Every regulator in APAC is saying the same thing — just in different languages
In June 2026,
China’s National Financial Regulatory Administration began rolling out Yi Biao Tong, a unified reporting system designed to replace fragmented, form-based submissions with transaction-level granular data. Across the region, Hong Kong, Malaysia, Thailand, India, Australia, and Japan are each pursuing the same objective: retiring aggregated reports in favour of element-level, machine-readable submissions that regulators can query directly.
This is not a coincidence. It is a structural shift. And the granular data mandate driving it extends well beyond prudential and financial reporting.
The same demand for transaction-level, asset-specific, verifiable data is now embedded in climate disclosure frameworks — IFRS S2, MAS climate risk guidelines, and the latest PCAF methodology. Banks that recognise the overlap early will build one infrastructure layer. Banks that do not will build two, maintain both, and still struggle with data quality in each.
The APAC regulatory reset: a region moving in lockstep
The pace is striking. Within a span of 18 months, nearly every major APAC regulator has announced or launched a granular data reporting initiative.
Hong Kong’s GDR 3.0 is the most closely watched. The Hong Kong Monetary Authority co-designed the framework with the banking industry, establishing an official data dictionary and phased rollout through 2028. Banks are accountable for the accuracy of every data element they submit — not just the summary figures.
Malaysia’s Project STREAM, led by Bank Negara Malaysia, introduced a principle that deserves attention far beyond Kuala Lumpur: “Collect Once, Use Many.” Rather than asking banks to fill multiple forms with overlapping data, BNM is building a system where granular data is submitted once and reused across supervisory purposes. Machine-readable formats with built-in validation replace the old spreadsheet-and-email cycle.
Thailand’s RDT Phase 2 follows a similar logic. The Bank of Thailand is replacing form-based reports with entity-level and data-element-level submissions — moving from asking “what does this report say?” to “what does the underlying data show?”
Japan has already begun full-scale granular data collection from the Bank of Japan as of March 2025.
India’s RBI is shifting to element-based reporting.
Australia’s APRA is moving toward data-driven supervisory analysis. And China’s Yi Biao Tong, now in its initial rollout phase through December 2027, aims to unify reporting across banking, insurance, and securities under one granular data architecture.
The common thread is unmistakable. Every regulator listed above has concluded that aggregated, form-based reports no longer provide the supervisory visibility they need. The replacement is universally the same: raw, transaction-level, machine-validated granular data that regulators can slice, query, and analyse on their own terms. Whether the label is GDR, STREAM, RDT, or Yi Biao Tong, the architectural blueprint is converging.
The direction is unanimous. The question for banks is not whether granular data will be required, but whether their infrastructure can serve more than one master.
The mistake: treating climate data as a separate problem
Here is where most banks are making a costly error.
Financial reporting teams are investing in granular data infrastructure to meet GDR 3.0, Project STREAM, or RDT Phase 2. Meanwhile, sustainability teams — often in a different building, reporting to a different executive — are building their own infrastructure to meet IFRS S2 disclosure requirements, MAS climate risk guidelines, and PCAF financed emissions calculations.

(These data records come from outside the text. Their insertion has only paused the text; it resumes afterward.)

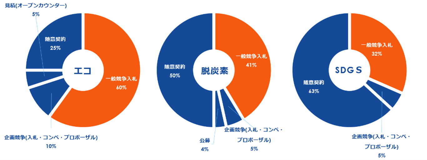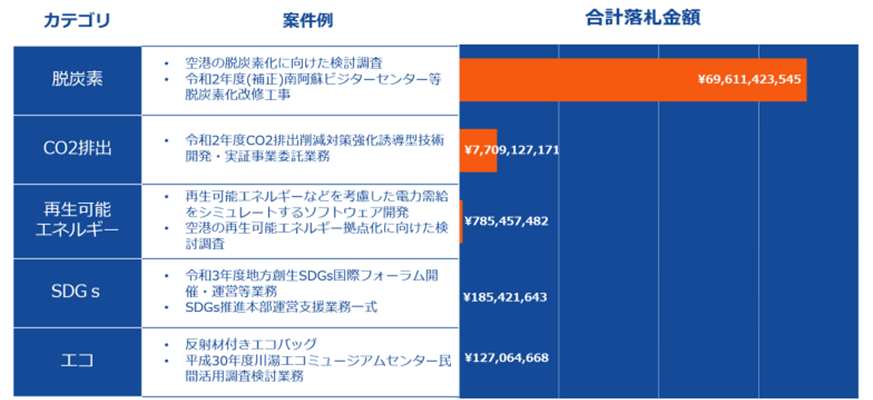 公示案件数1位は「エコ」。落札金額では、調査や建設工事をともなう「脱炭素」が1位に。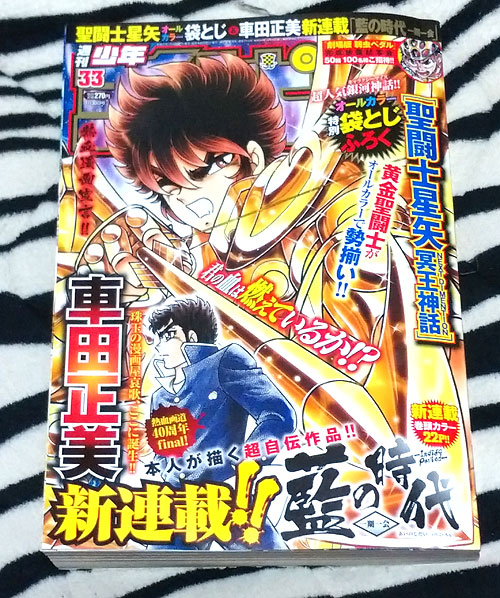 週刊少年チャンピオン 2015年No.33 ●聖闘士星矢 NEXT DIMENSION 冥王神話(特別ふろく袋とじ8P)「神々の迷宮」に囚われた沙織とシジマ。 脱出を試みた二人の前に現れたのは かつての黄金聖闘士たちだった!!●藍の時代-一期一会-(車田正美、新連載)さかのぼること40年以上。 秀才には、程遠く不良にもなり切れない少年は、少年漫画に将来の希望を見出した!! 実話を元に超展開する一期一会の物語!!・・・ということで、発売日の朝にコンビニで購入。表紙、週刊少年チャンピオンの文字が見えてないって凄いねww久々のNDは、袋とじ8P。完全に黄金魂の宣伝ですね。無印の黄金聖闘士たちが集結してるんですが、みんなアニメカラーになってました。自分もアニメから入ってるので、髪色を統一するのであれば、それはそれで良いんですが・・・。瞬や沙織さんの髪色は茶髪のままだし、原作カラーに拘り持ってるファンも居るので複雑ですwマイスやゲームDLCの原作カラー商品展開は何だったのか・・・って事になりそうで(苦笑てか、アニメ版のミロ様のマイスが手に入らないから、原作カラー版予約しちゃったんだよ〜!wまぁ、黄金聖闘士たちの髪色よりも、私はこっちの方が気になりますけどね・・・↓ アテナが「むううっ」って・・・wwwシャイナさんみたいな女聖闘士なら気にならないと思うけど、沙織さんが言うと違和感ありますwNDの正式な再開時期は秋だそうで。それまで、車田先生の超自伝と黄金魂を楽しんでくれ、ってことのようです。車田先生の超自伝は、普通に面白そうなので、暫くチャンピオン買おうかなぁ。 [0回]PR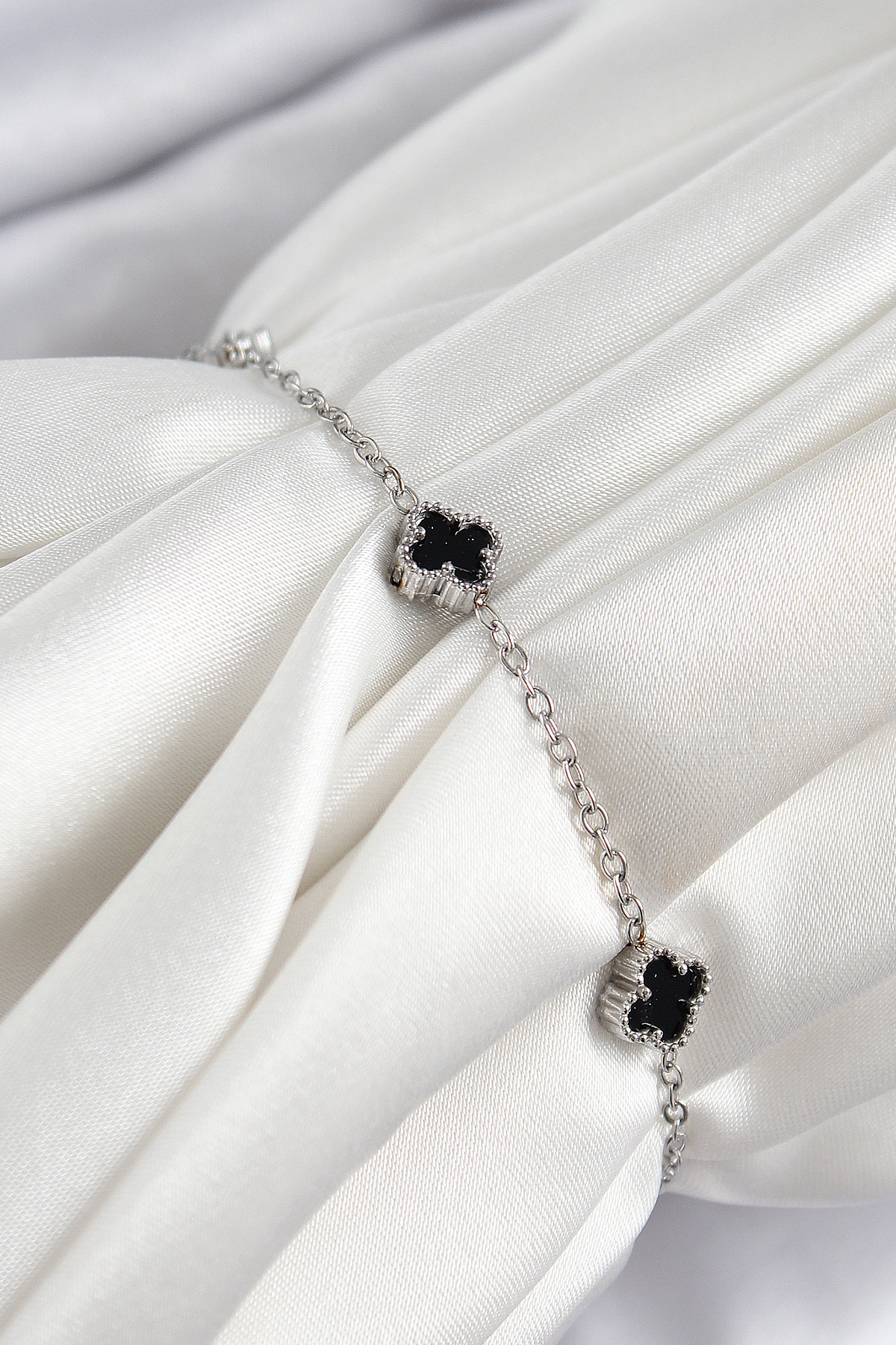 316L Çelik Siyah Sedef Yonca Model Gümüş Renk Kadın Bileklik - TJ-BB7360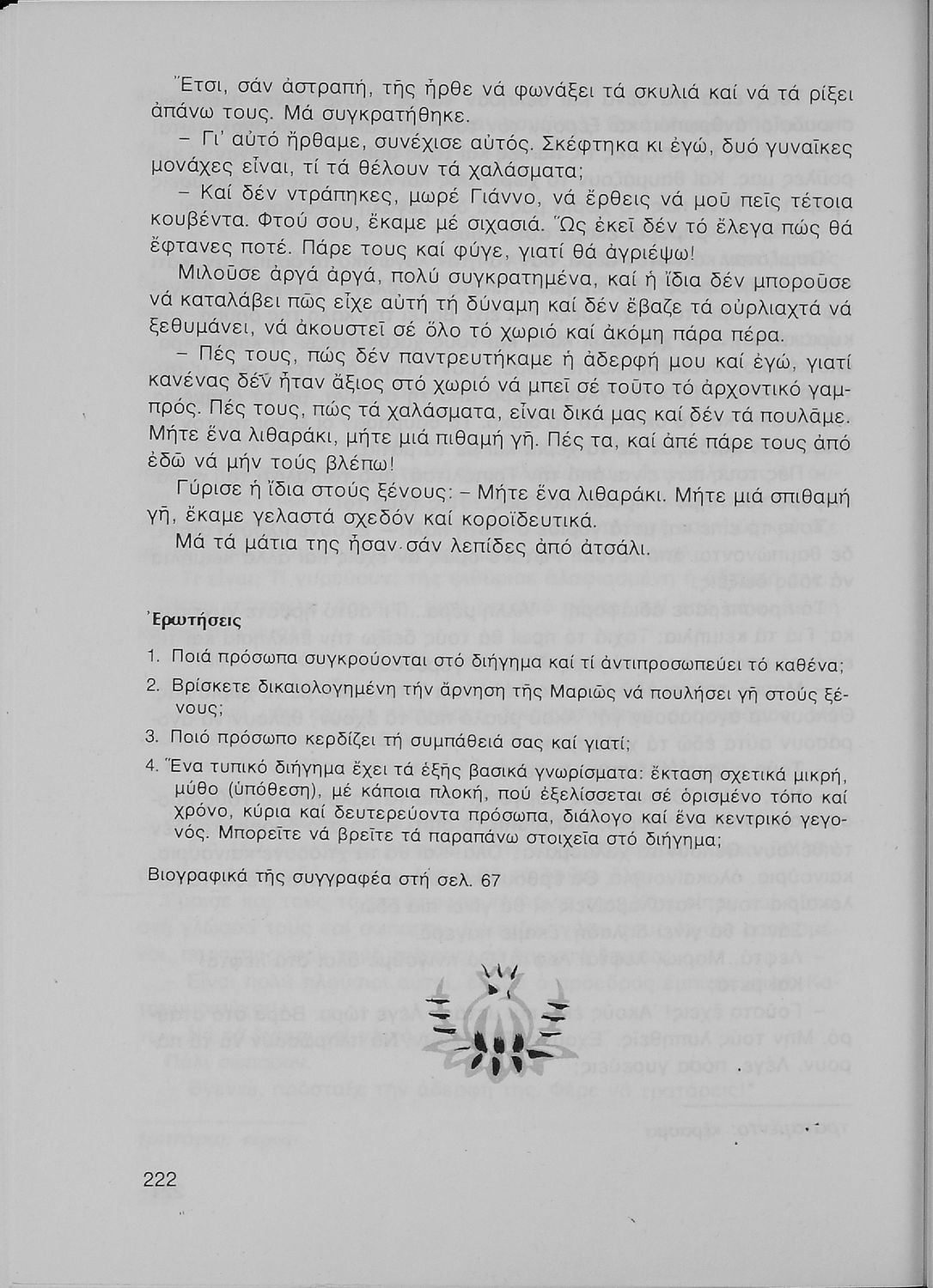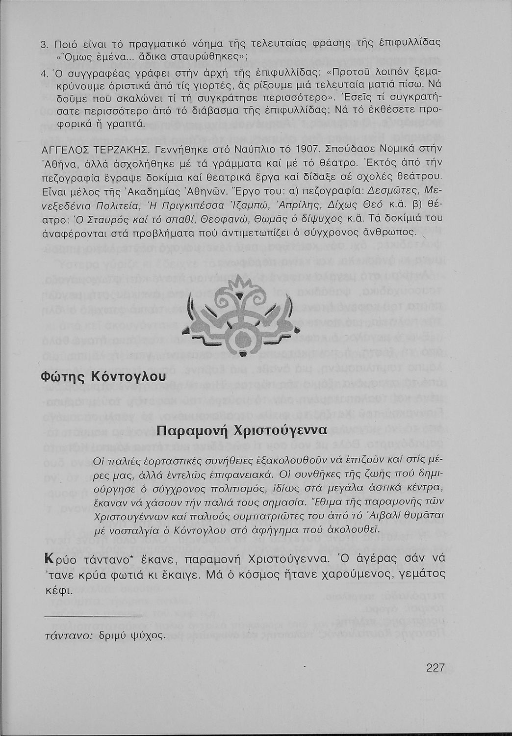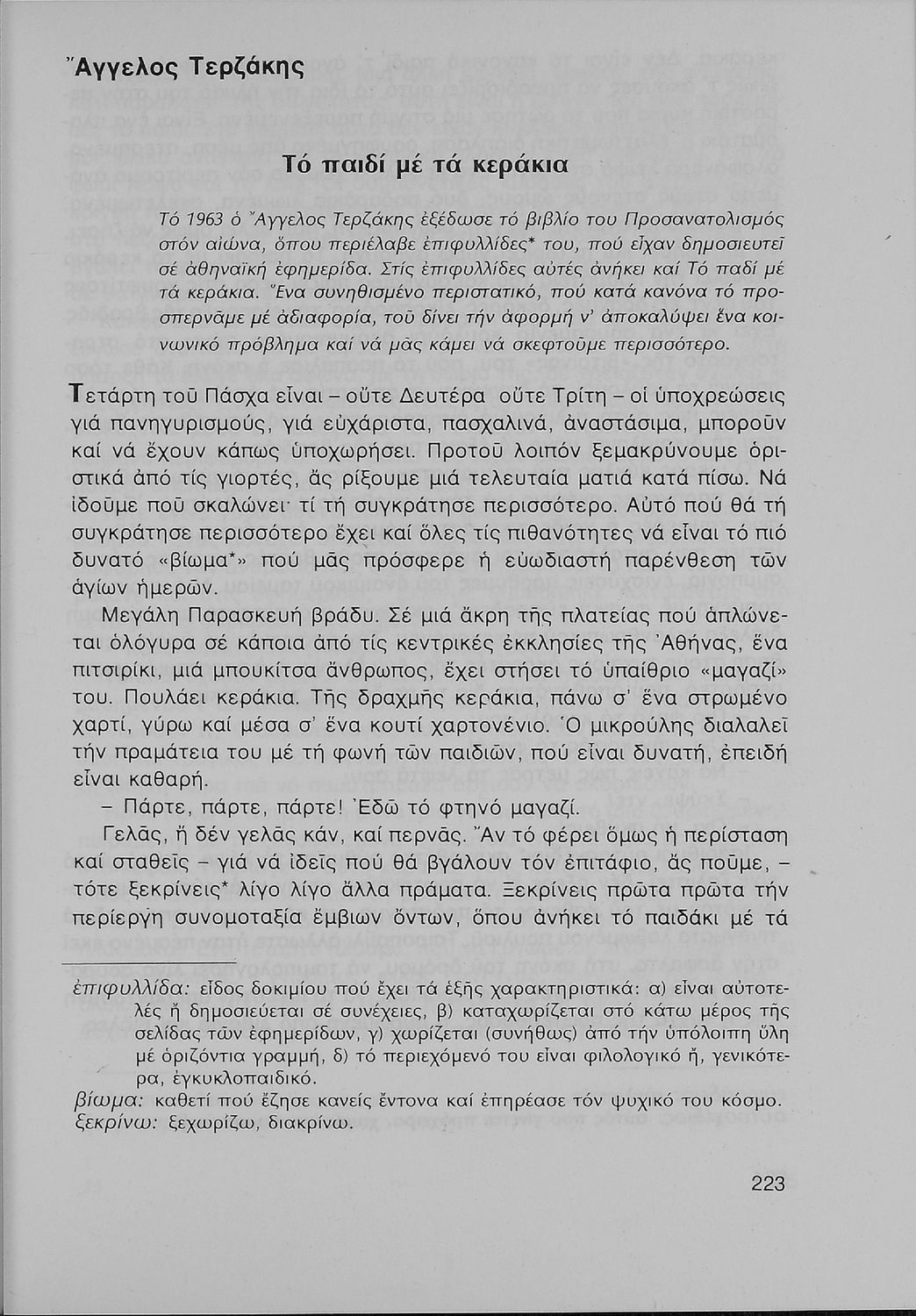 Σχολικό εγχειρίδιο Νέων Ελληνικών Α΄ Γυμνασίου που περιλαμβάνει δοκίμια, πεζά και ποιήματα Ελλήνων συγγραφέων και δημοτικά τραγούδια εμπνευσμένα από τη θρησκευτική, εθνική και κοινωνική ζωή, τη "δοκιμασία της ...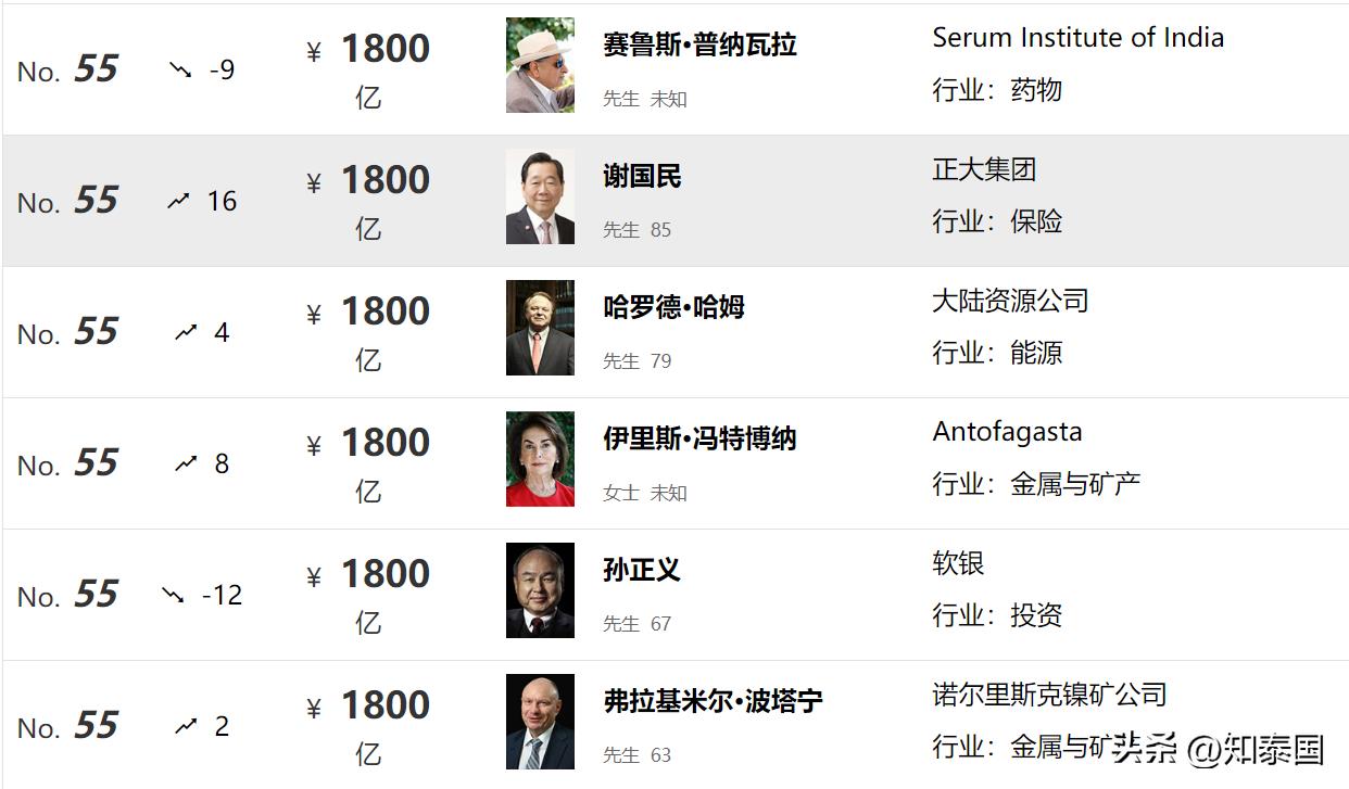据悉,在该富豪榜百大排名中,84岁的泰国正大集团董事长谢国民以1800亿元的身价排名第55位,是泰国唯一一位排名在前100的企业家,排名上升16位。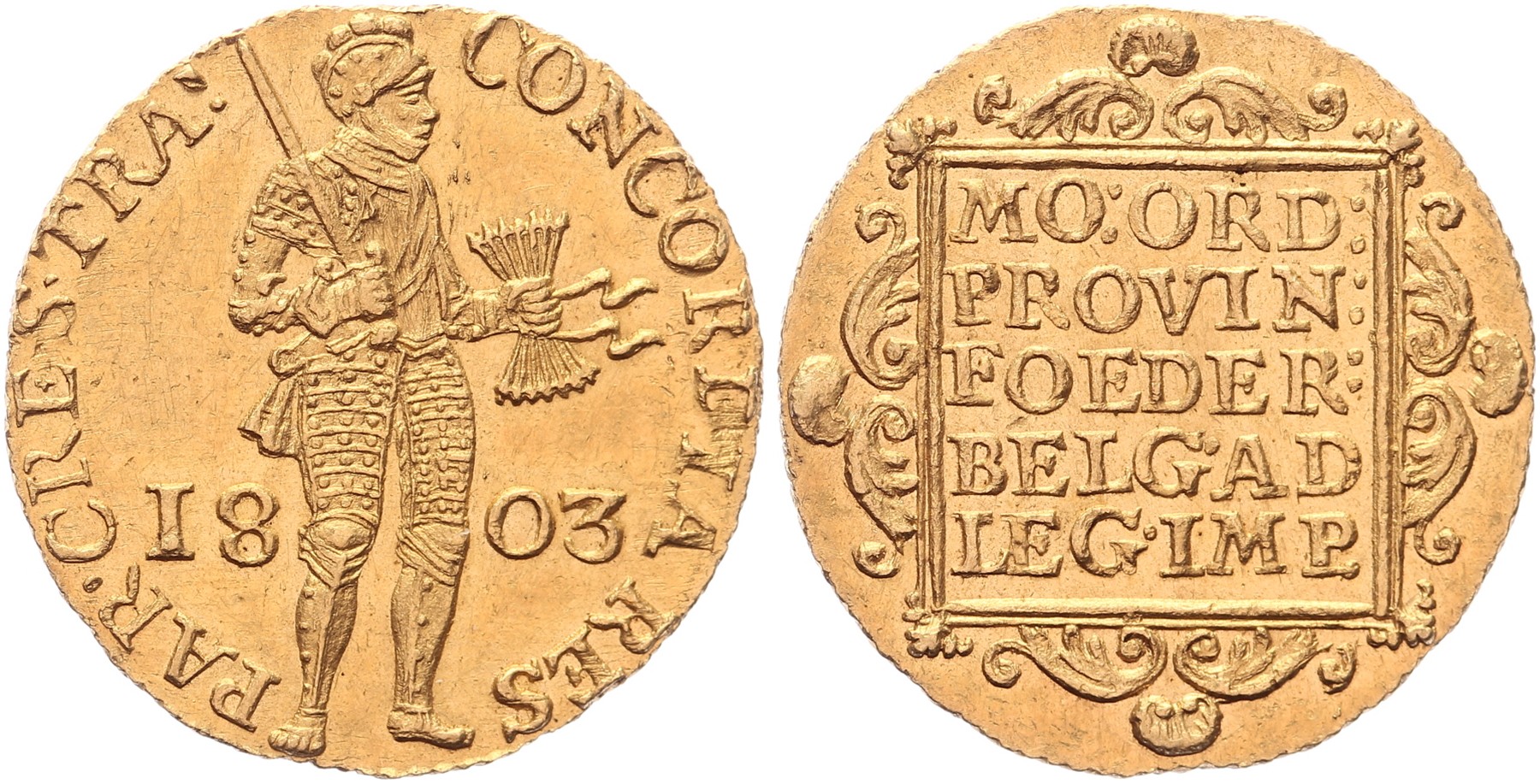 Utrecht. Dukaat 1803. Sch. 39. [3,55 gram]. Ruim zeer fraai.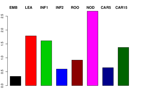 | ROO | Roots from the seedlings (10 cm shoot stage) | 0.328226 | 1.24155 | 0.57587 | 0.918645 |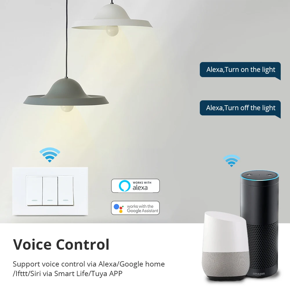 -Дистанционное управление через приложение. Управляйте устройствами в любое время и в любом месте с помощью приложения Smart Life.-Управление таймером: предварительно установите несколько рабочих расписаний. Вы можете запланировать его включение и выключение светильник автоматически. Дополнительное преимущество экономии энергии, когда светильник s не нужен или не включен случайно.-Голосовое управление: умный настенный светильник совместим с Amazon Alexa, Google Home, просто используйте голосовую команду, чтобы включить или выключить светильник.-Физическая кнопка: роскошный дизайн высокого класса с большой физической кнопкой для управления нажатием.-Светодиодный индикатор. Когда свет выключен, светодиодный индикатор поможет вам легко найти переключатель.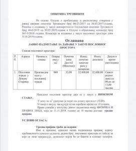 Opštinska uprava Trgovišta, dodaju, 31.10.2019. godine raspisala je oglas o javnom nadmetanju fizičkih i pravnih lica o ustupanju u zakup poslovnog prostora u Donjem Stajevcu na 10 godina, za mesečnu kiriju od 32.000 dinara.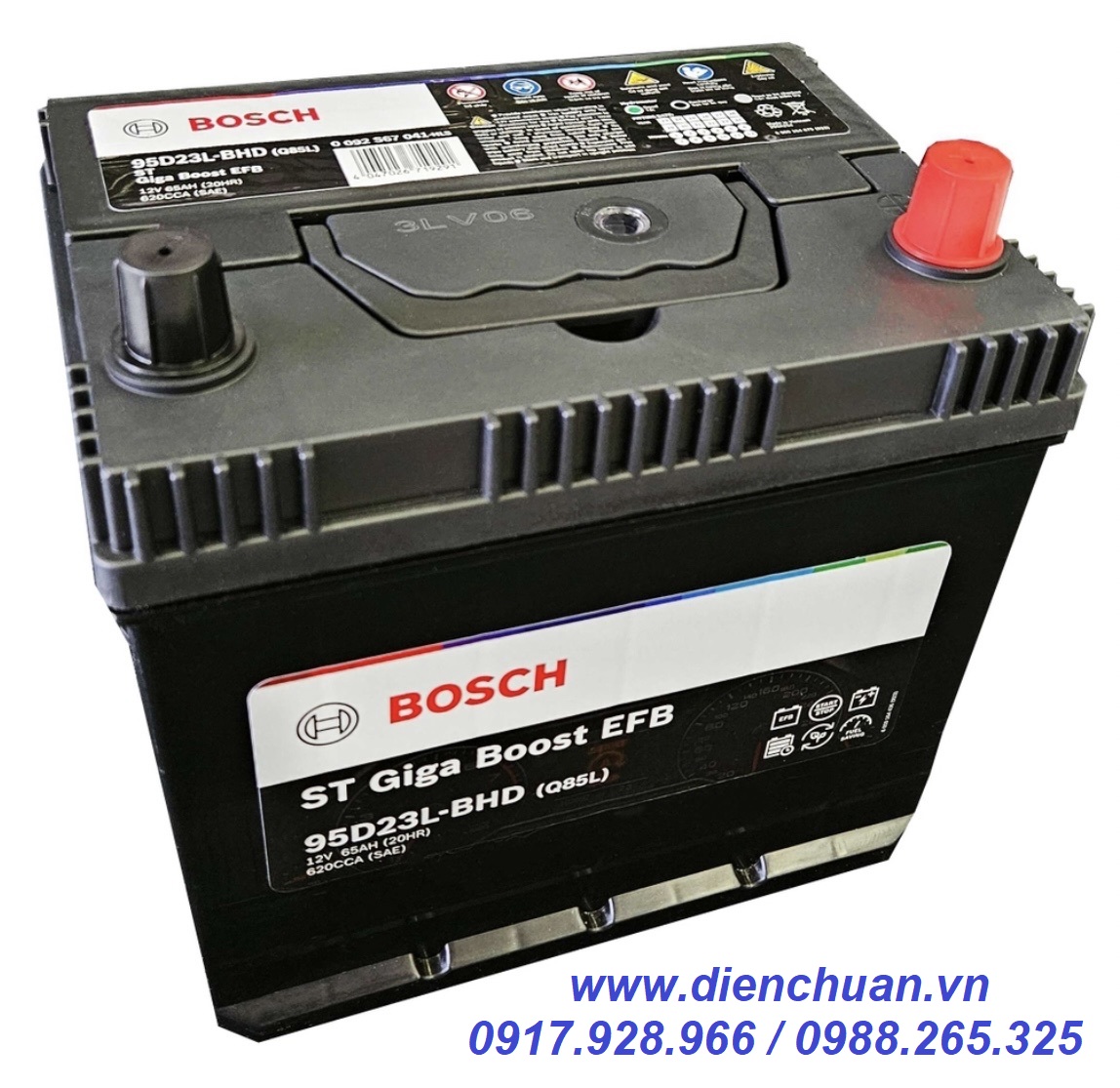 Ắc quy Bosch EFB Q-85 (12V-65Ah) được cung cấp bởi công ty TNHH Robert Bosch có trụ sở chính tại Đức - là thương hiệu phụ từng và thiết bị ô tô hàng đầu trên toàn cầu.

The two workstreams share almost identical underlying requirements:
– Transaction-level source data, not aggregated summaries
– Standardised taxonomies and data dictionaries
– Built-in validation and quality scoring at the point of submission
– Audit-ready traceability — every number must be defensible to a regulator or verifier
– Machine-readable outputs that integrate with downstream analytics
The overlap is not partial. It is structural. A bank’s loan-level exposure data feeds both its prudential reporting and its Scope 3 Category 15 financed emissions calculations. The asset-level energy consumption data that supports IFRS S2 climate disclosures is the same data that informs credit risk models under Basel ESG requirements.
Yet most banks are building parallel pipelines — separate extraction, separate transformation, separate validation, separate storage. The result: duplicated effort, inconsistent numbers, and neither team confident in the other’s data.
BNM’s “Collect Once, Use Many” principle was designed precisely to prevent this. But the principle applies just as forcefully to climate and emissions data as it does to prudential reporting. Granular data collected at the asset level, validated once against a common standard, and served to multiple downstream consumers — financial, supervisory, and climate — is not just more efficient. It is more accurate.